SirScoots has been attacked for his involvement in this union. Reginald assumed that SirScoots was getting paid by ESL. Cloud9’s Jack said that SirScoots doesn’t have the whole story and that he is biased towards the teams. So, who really is SirScoots? SirScoots has made a fortune and is financially secure, meaning that he is not likely to be swayed by money. SirScoots made his money by planning events for Coca Cola and American Express. He owned GotFrag, legendary Counter-Strike website, and was a part of Evil Geniuses. SirScoots was also the first person to speak out on skins gambling and call for the regulation of it, even though it was very unpopular to say such things.
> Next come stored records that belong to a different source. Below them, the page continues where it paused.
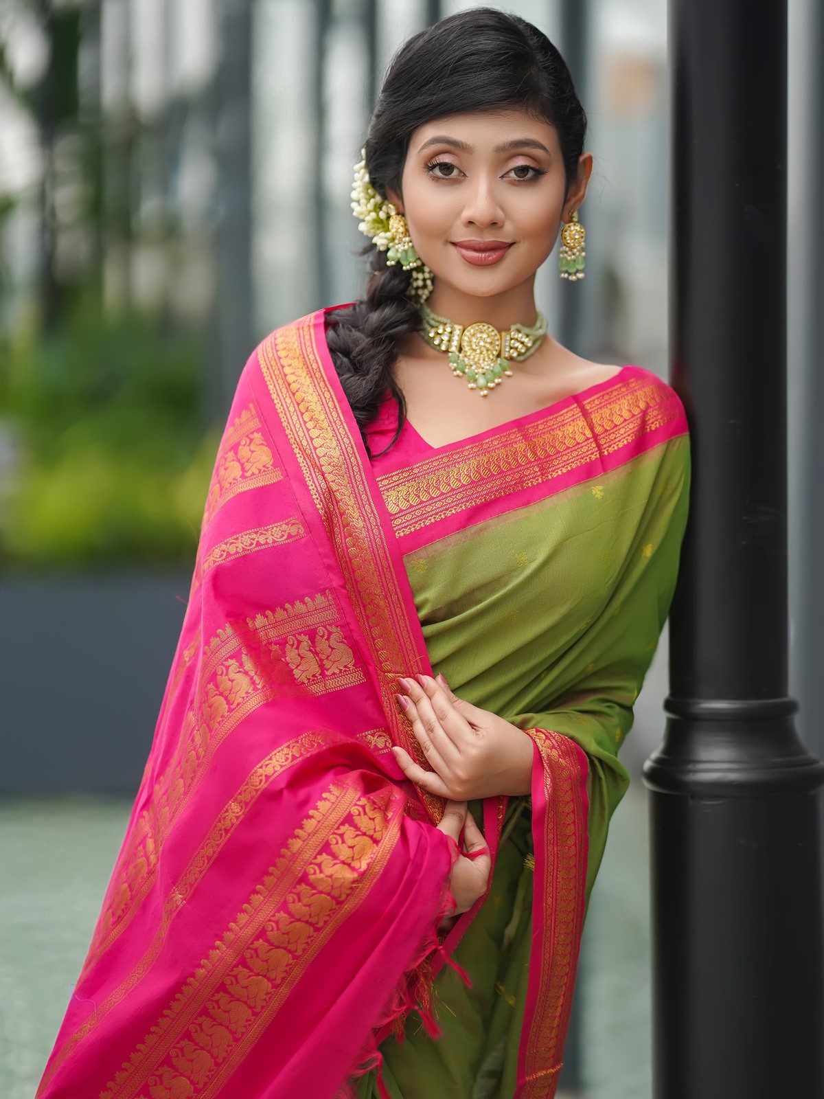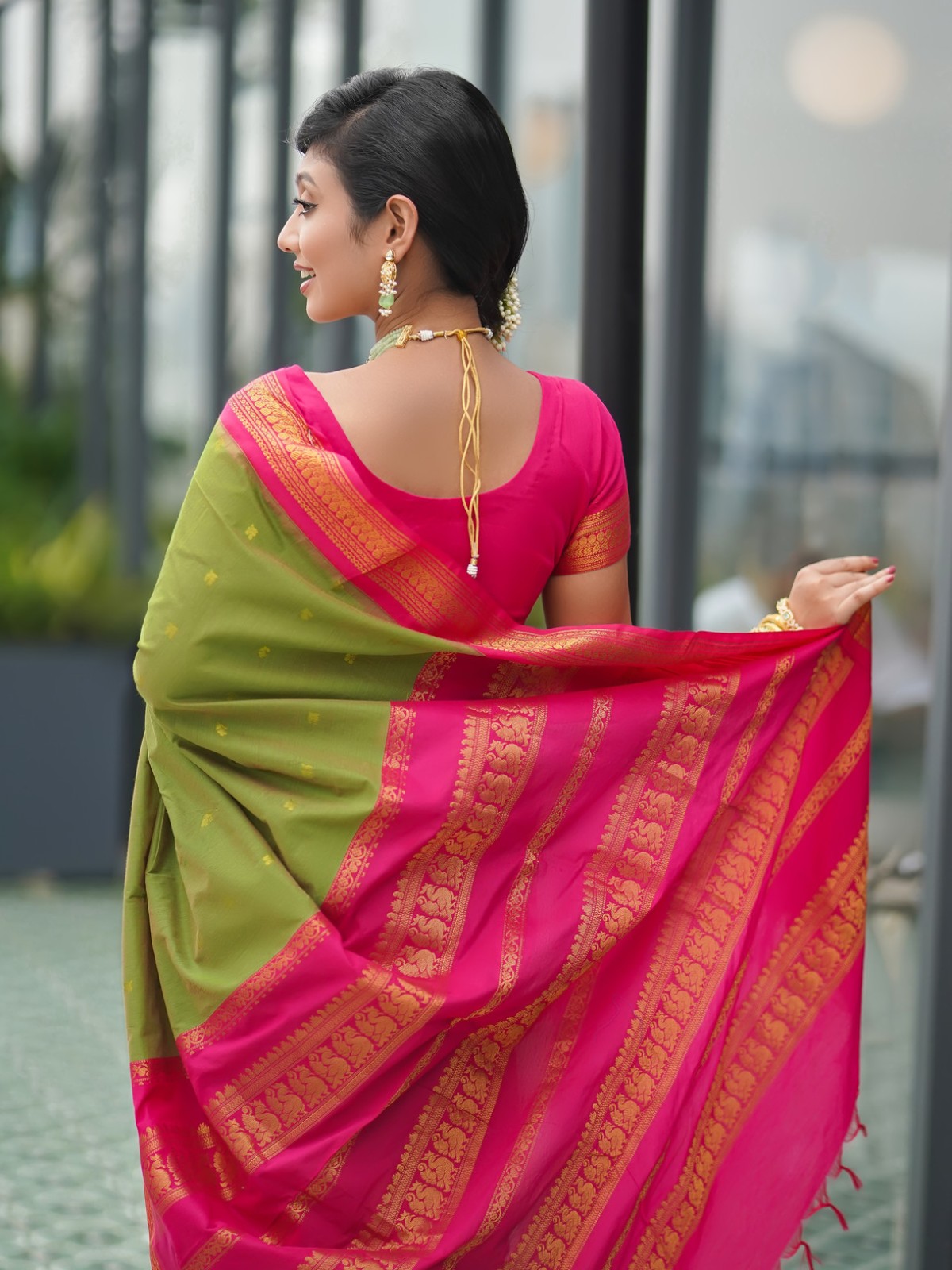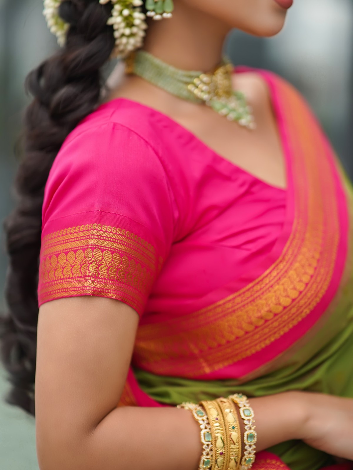 Step into vibrant elegance with our Inspired Gadwal Half Silk Saree in Parrot Green. Crafted from premium half-silk fabric, this saree combines the br...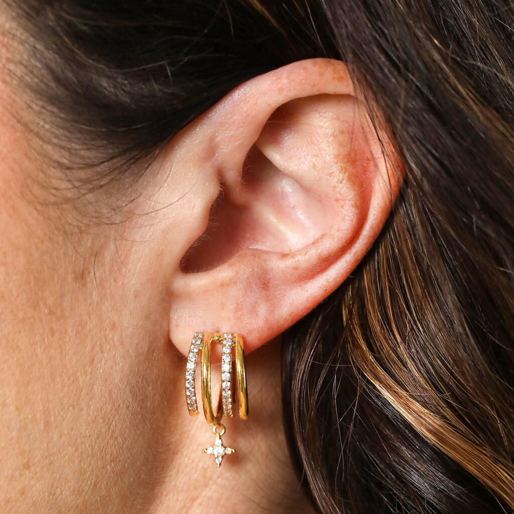 Crystal Illusion Hoop Earrings With Star Drop
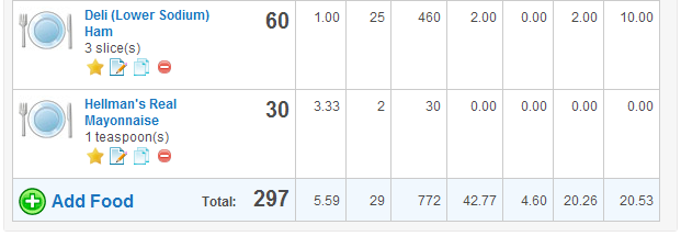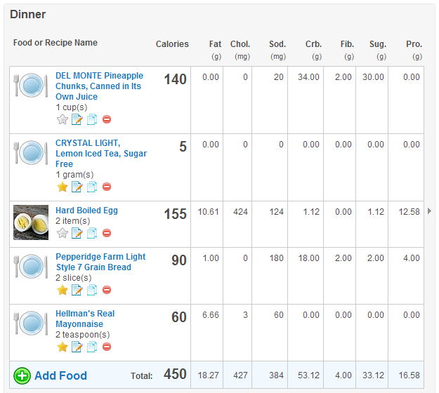 See how it evaluates the nutrition in today’s total? It’s a handy little tool! I don’t normally eat an egg salad sandwich for dinner. I usually have meat/potatoes/vegetable, but I just picked this particular day to show you what it’s like. You can use the program’s data base of food or add your own foods that you eat by typing in the nutritional data from your food labels.
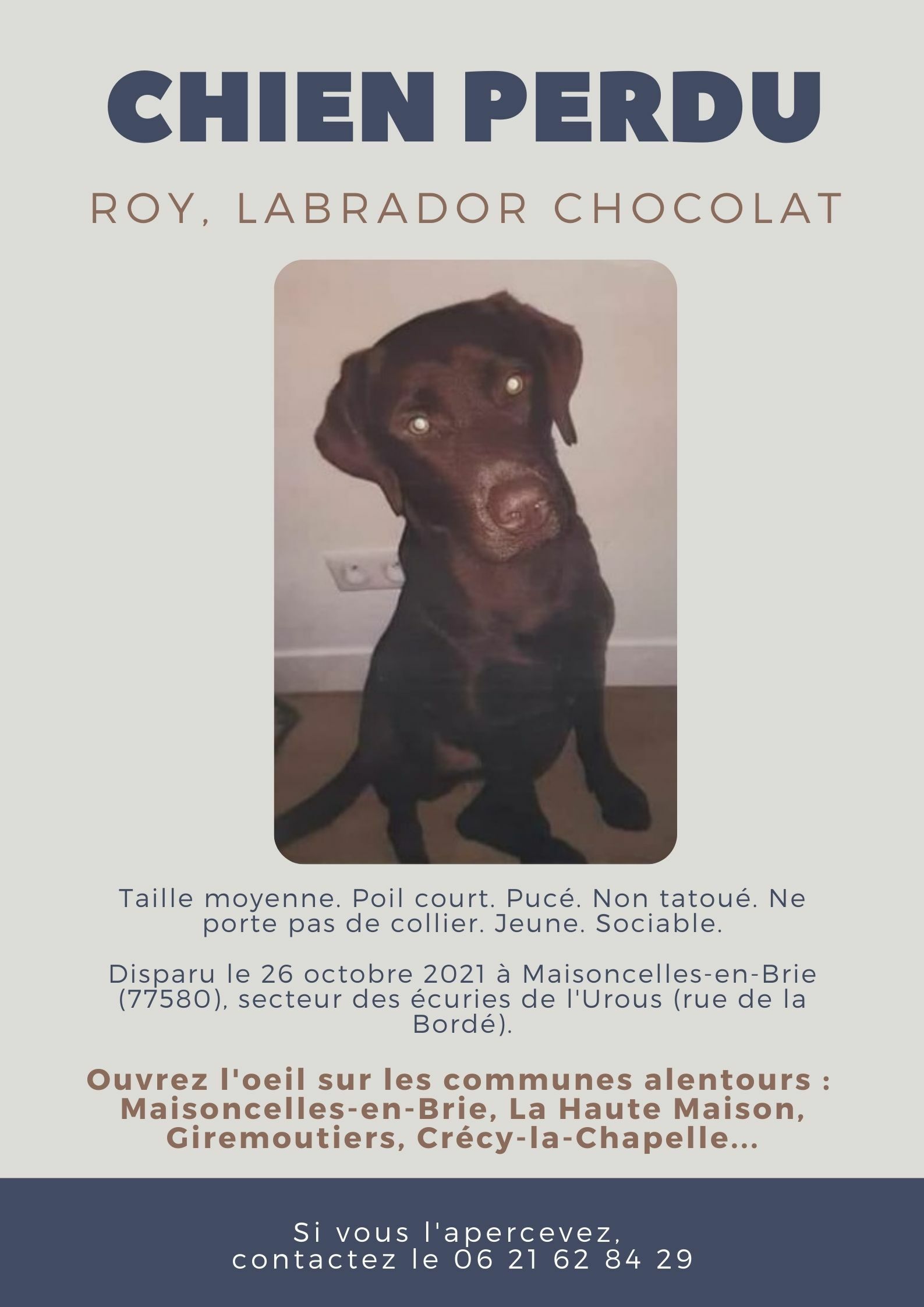 Je tente ma chance ici en me disant que plus l'annonce tournera, plus on augmente nos chances de le retrouver : le chien des écuries, notre petit "Roylito", labrador chocolat, a disparu depuis fin octobre à Maisoncelles-en-Brie !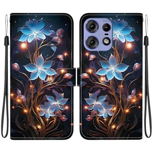 Funda de Cuero con Dibujo y Textura de Cristal para Motorola Edge 50 Pro (Flor de Linterna Pequeña)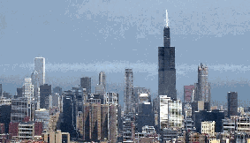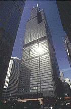 The Sears Tower is the world's second tallest building. On a clear day, standing at the top, you can see 50 miles and four states (Michigan, Wisconsin, Illinois, and Indiana).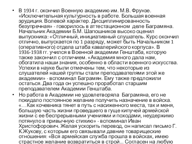Слайд 6В 1934 г. окончил Военную академию им. М.В. Фрунзе. «Исключительная культурность

The players have an agenda. They want the best salaries, to play in the biggest events, and to achieve all that they can. The teams have an agenda. They want to make the most money possible and to have a secure source of revenue. It wouldn’t hurt if they were featured in a mainstream news article or broadcast either. SirScoots has an agenda, and that’s to protect the truth. Everyone has an agenda, and everyone has a past. Knowing one’s motives and history creates a more accurate image of a person. I hope you can better understand the PEA situation with the information that I have provided.